Он снова заговорил — после театра он никак не мог успокоиться.
— Интересно устроена жизнь. Необычно устроена. Особенно у артистов. Она неожиданна… К нам идет слава пугающая, заманчивая. Люди считают за счастье слушать вас. Приезжают издалека, делают массу глупостей, чтоб достать единственный билет. А виновница, в то время как ждут ее, должна идти через черный ход, чтоб выйти на сцену — о, это очень хороший ход, другого нет…, это все слава. Вы говорите, добрались бы сами? Ничего подобного. Не смогли бы… Вам не дали бы пройти.

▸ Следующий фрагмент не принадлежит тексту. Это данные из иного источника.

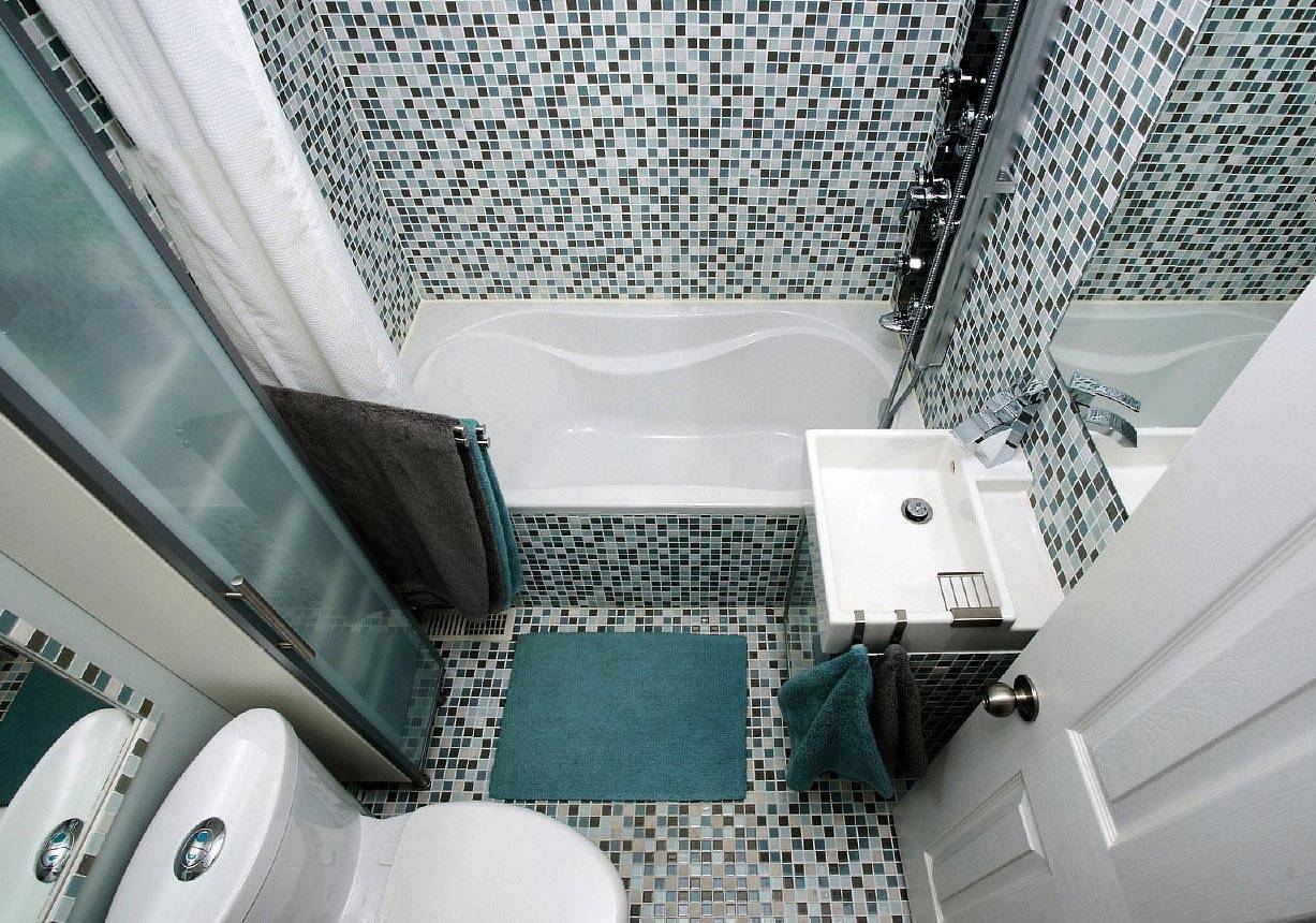 При реализации проекта можно воспользоваться готовыми идеями дизайна интерьера. Оригинально выглядит комбинирование 3 типов плит при отделке поверхностей, используются блоки прямоугольные средних габаритов, квадратные элементы и мозаичная кладка. Оттенки должны соответствовать выбранному стилю и тональности гаммы. При реализации схем необходимо учитывать комплектацию ванной.

Казалось, Хаят была безучастна. Она молчала. Директор, вконец обеспокоенный, тоже подошел к окну, тронул ее за плечо.
— Я, очевидно, много говорю. Я испортил вам настроение?

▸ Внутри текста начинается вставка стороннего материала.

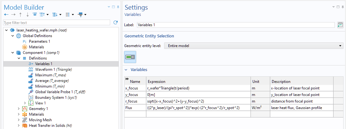 To try this out, open the Laser Heating of a Silicon Wafer tutorial model from the Application Libraries under COMSOL Multiphysics > Heat Transfer. This model, which demonstrates a transient simulation of a laser moving over a silicon wafer, does not require any add-on products.

— Нет, что вы? Просто мне было приятно слушать, как всякому, хорошее о себе, и я не хотела вас перебивать… Нет, нет, я не то хотела сказать. Извините, я чувствовала себя так, будто я сейчас играю на сцене, а не стою у окна. Это тоже приятно… Пожалуй, пора, поедемте. Вы одевайтесь, а я сейчас, Ляля! — крикнула она, входя в другую комнату.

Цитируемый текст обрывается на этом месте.